[Items from a dataset]
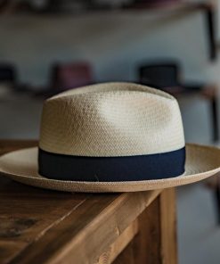 Casual Chic Straw Hat, This is a medium height centre dent panama with a 7 cm / 2.75 in – 8 cm / 3.15 in brim. It features a 38 mm puggaree hatband.
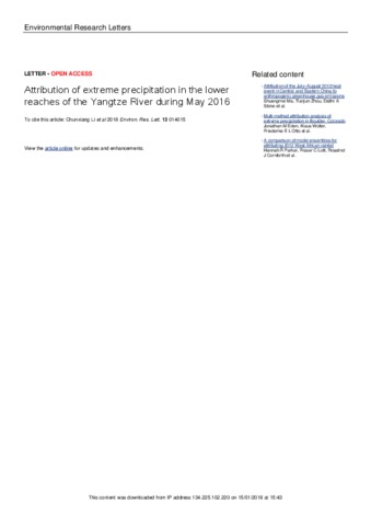 Attribution of extreme precipitation in the lower reaches of the Yangtze River during May 2016.
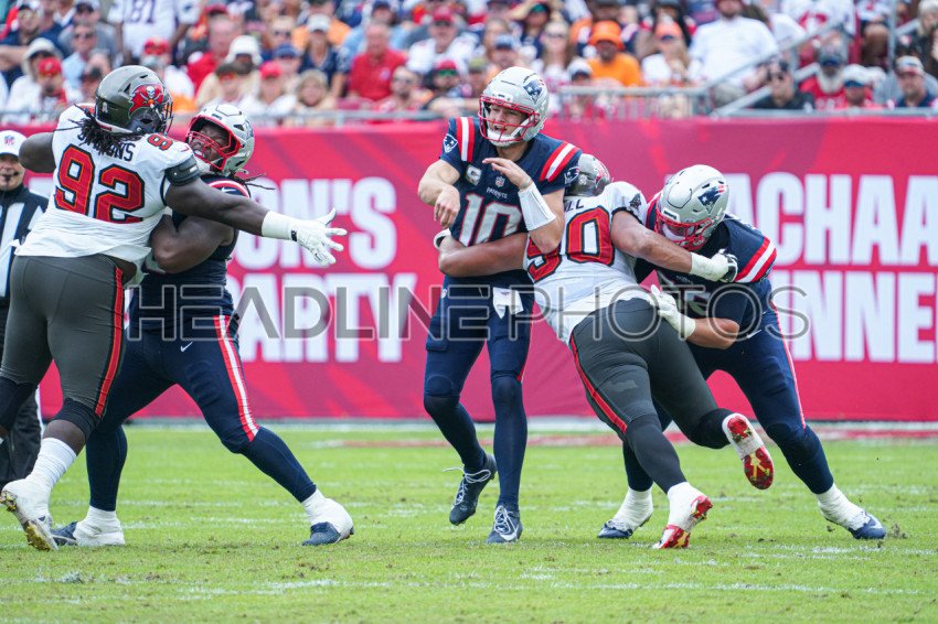 Tampa Bay, Florida, USA, November 9, 2025, New England Patriots quarterback Drake Maye #10 makes a pass at Raymond James Stadium. (Photo Credit: Marty Jean-Louis)
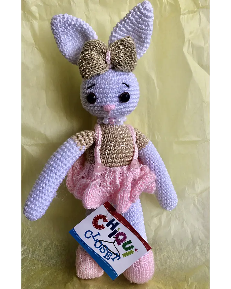 Amigurumi Coneja con collar de perlas. Hecho en Algodón hipoalergénico especial para recién nacido, tejido 100% a mano
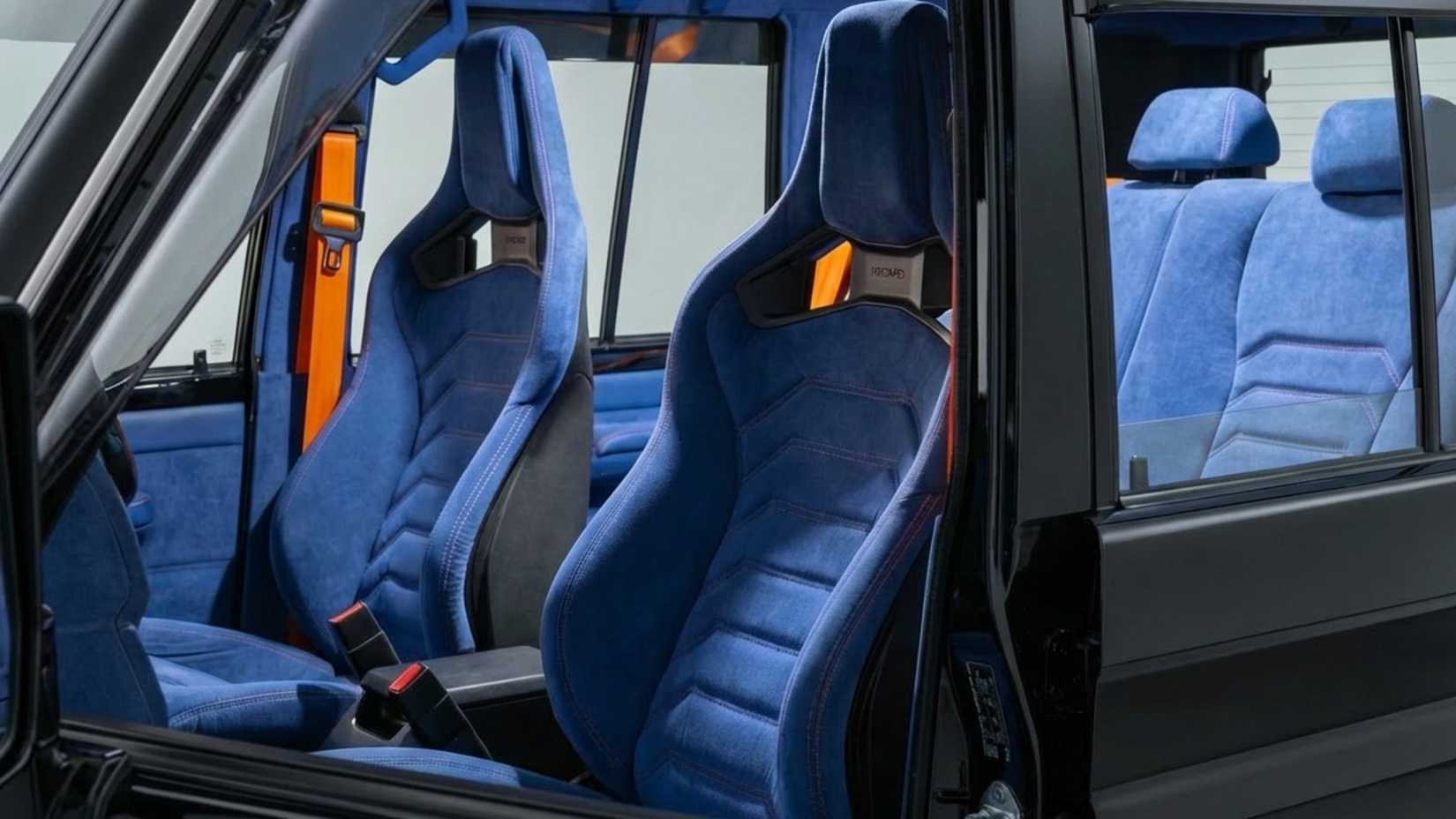 Though the outside is all dark and subtle, the interior is anything but. PVS fitted a pair of Recaro sports bucket seats, and virtually every surface has been covered in matching indigo-colored Alcantara. That includes the dash and door panels, the ceiling, and, of course, all of the seats. Even the custom rear drawer storage system is covered in the stuff. The upholstery also features orange contrast stitching, and the seatbelts were changed to a matching orange. Naturally, a couple of PVS's own products show up including the aforementioned infotainment screen and a custom steering wheel.
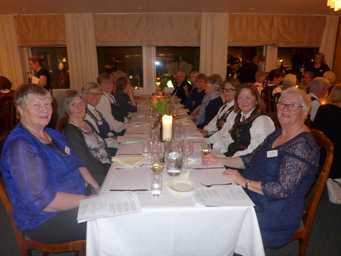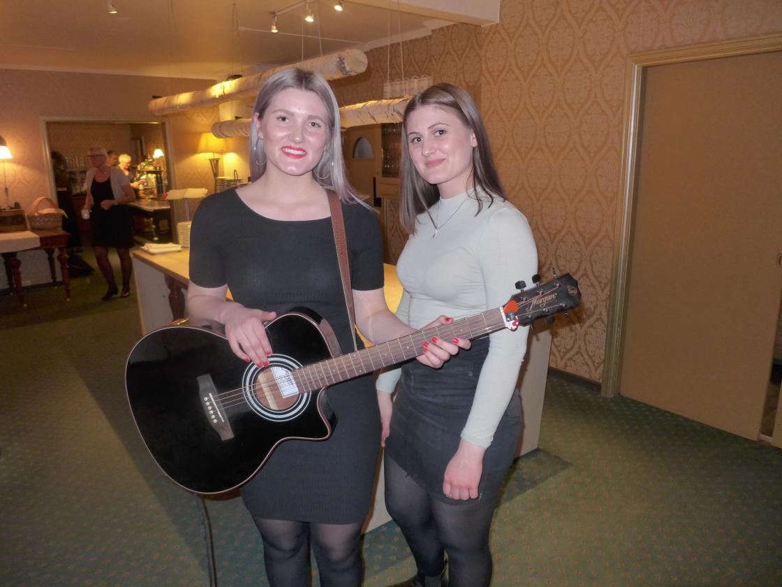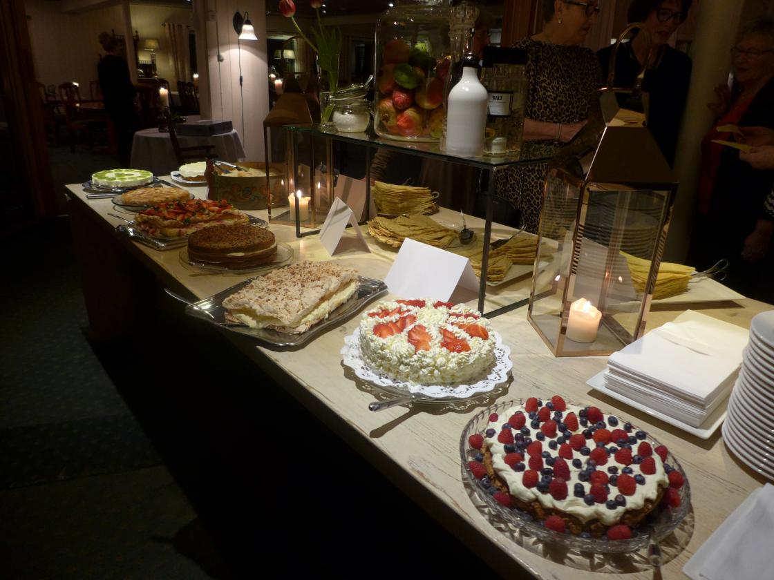 Under måltidet var det både allsong og underhaldning. Sigrid Elise Fossan underheldt med song og gitarspel. ( Søster hennar var teknisk assistent). Det vart eit GODT og langt bordsete. Kvelden vart avslutta med eit gedigent kakebord med kaffi og prat. Det gode sosiale samværet..
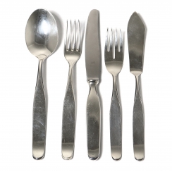 Dinner spoons, 12 pcs, length: 20.5 cm. Dinner forks, 12 pcs, length: 19 cm. Dinner knives, 12 pcs, length: 22 cm. Fish forks, 12 pcs, length: 18 cm. Fish knives, 12 pcs, length: 21 cm.
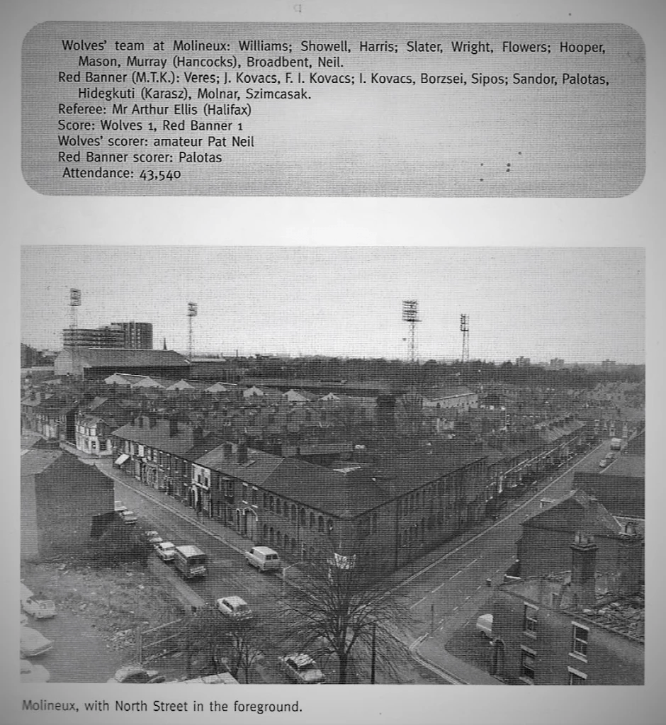 Wolves drew level from a Hooper corner, which was palmed away by Veres, but only as far as Neil who had drifted outside the goal area and was unmarked. His smartly hit shot passed through the ruck of players and beat Veres on the line. The cool, calculated football of MTK sometimes became over-complicated. They were all too frequently guilty of playing one pass too many. At half-time, the talented Hidegkúti was replaced by Karasz, but the game was far from dull, however, with both goalkeepers acquitting themselves well by making strings of acrobatic saves.
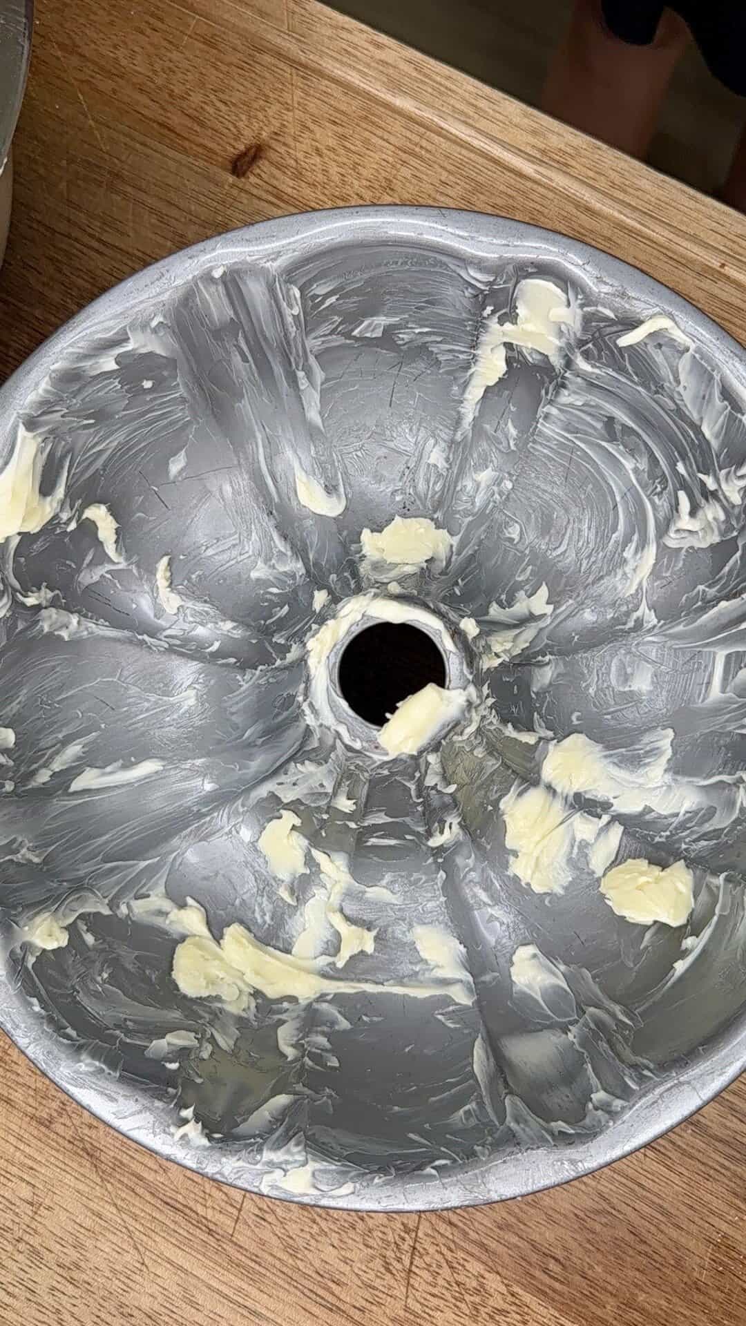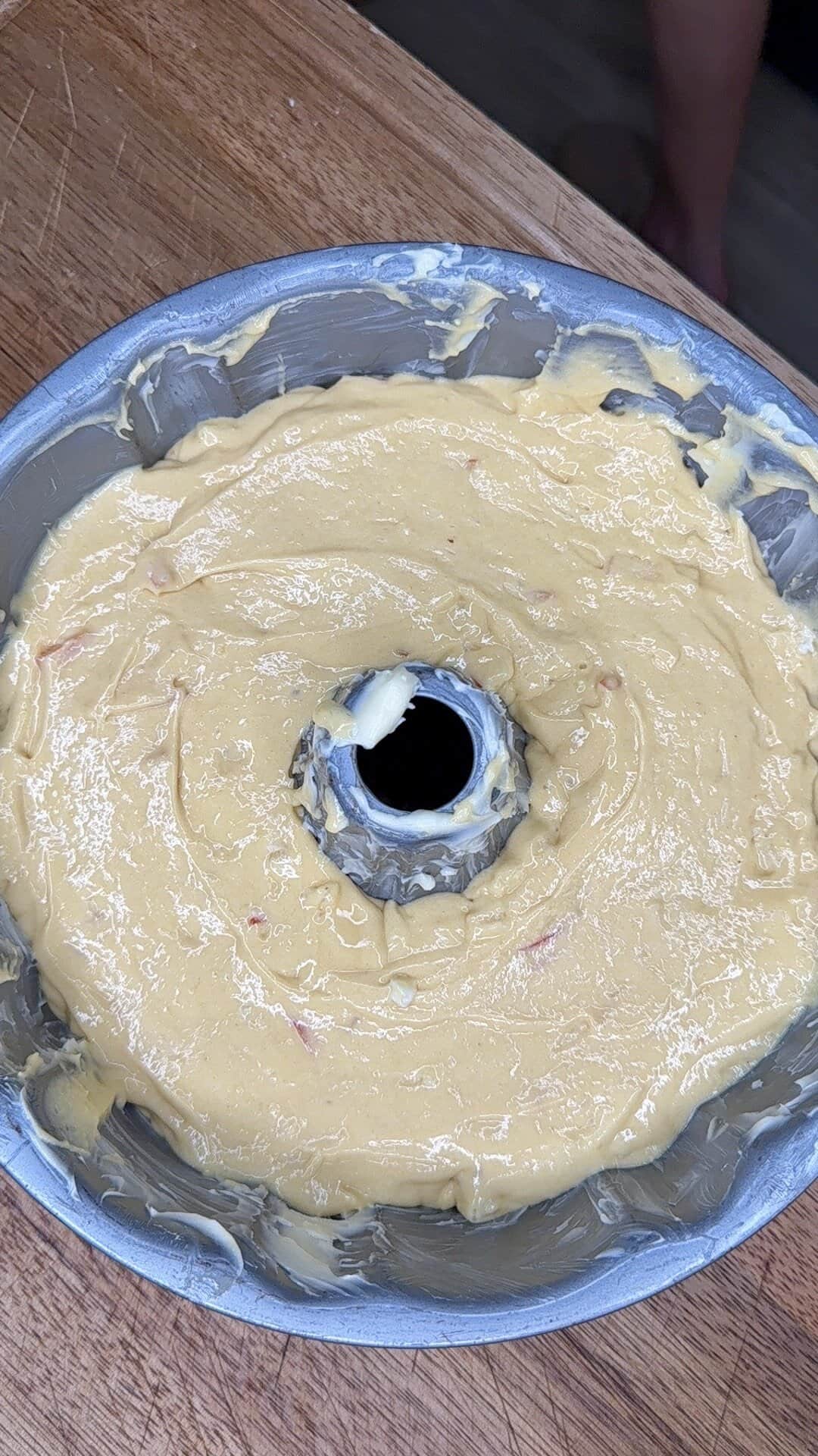 - Pour batter evenly into prepared Bundt pan.
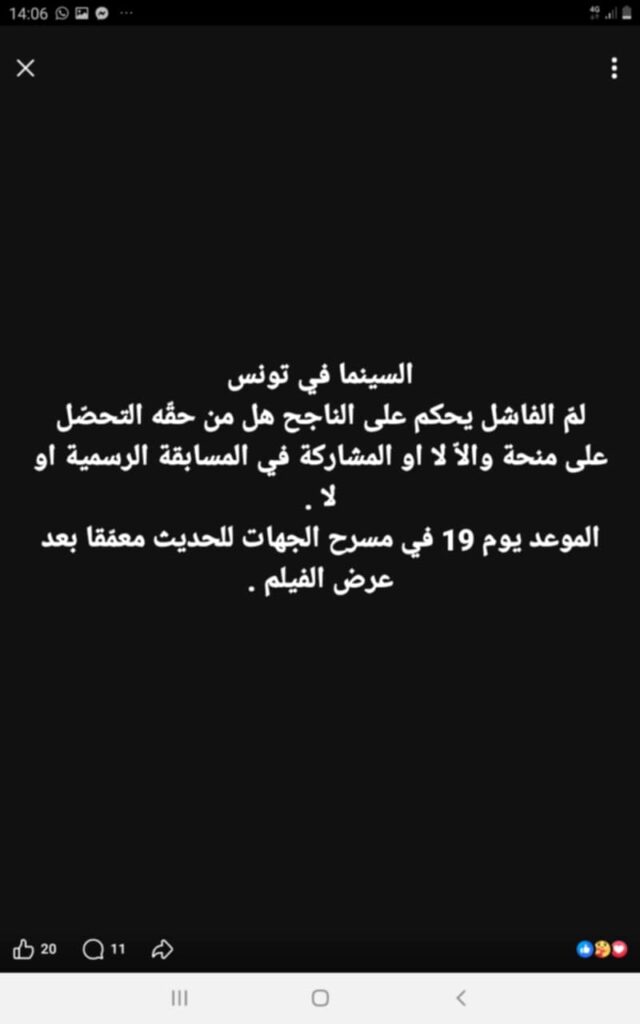 L’auteur a à ce titre convié les journalistes à l’avant-première nationale de son film prévue pour le 19 décembre prochain à la Cité de la culture et lors de laquelle, selon ses propres mots, il fera certaines révélations (concernant la commission ? certains responsables du ministère des affaires culturelle ?….).

◆ TASK: Each record above should be retyped exactly, with no pictures carried over.

◆ RESPONSE:
 Casual Chic Straw Hat, This is a medium height centre dent panama with a 7 cm / 2.75 in – 8 cm / 3.15 in brim. It features a 38 mm puggaree hatband.
 Attribution of extreme precipitation in the lower reaches of the Yangtze River during May 2016.
 Tampa Bay, Florida, USA, November 9, 2025, New England Patriots quarterback Drake Maye #10 makes a pass at Raymond James Stadium. (Photo Credit: Marty Jean-Louis)
 Amigurumi Coneja con collar de perlas. Hecho en Algodón hipoalergénico especial para recién nacido, tejido 100% a mano
 Though the outside is all dark and subtle, the interior is anything but. PVS fitted a pair of Recaro sports bucket seats, and virtually every surface has been covered in matching indigo-colored Alcantara. That includes the dash and door panels, the ceiling, and, of course, all of the seats. Even the custom rear drawer storage system is covered in the stuff. The upholstery also features orange contrast stitching, and the seatbelts were changed to a matching orange. Naturally, a couple of PVS's own products show up including the aforementioned infotainment screen and a custom steering wheel.
 Under måltidet var det både allsong og underhaldning. Sigrid Elise Fossan underheldt med song og gitarspel. ( Søster hennar var teknisk assistent). Det vart eit GODT og langt bordsete. Kvelden vart avslutta med eit gedigent kakebord med kaffi og prat. Det gode sosiale samværet..
 Dinner spoons, 12 pcs, length: 20.5 cm. Dinner forks, 12 pcs, length: 19 cm. Dinner knives, 12 pcs, length: 22 cm. Fish forks, 12 pcs, length: 18 cm. Fish knives, 12 pcs, length: 21 cm.
 Wolves drew level from a Hooper corner, which was palmed away by Veres, but only as far as Neil who had drifted outside the goal area and was unmarked. His smartly hit shot passed through the ruck of players and beat Veres on the line. The cool, calculated football of MTK sometimes became over-complicated. They were all too frequently guilty of playing one pass too many. At half-time, the talented Hidegkúti was replaced by Karasz, but the game was far from dull, however, with both goalkeepers acquitting themselves well by making strings of acrobatic saves.
 - Pour batter evenly into prepared Bundt pan.
 L’auteur a à ce titre convié les journalistes à l’avant-première nationale de son film prévue pour le 19 décembre prochain à la Cité de la culture et lors de laquelle, selon ses propres mots, il fera certaines révélations (concernant la commission ? certains responsables du ministère des affaires culturelle ?….).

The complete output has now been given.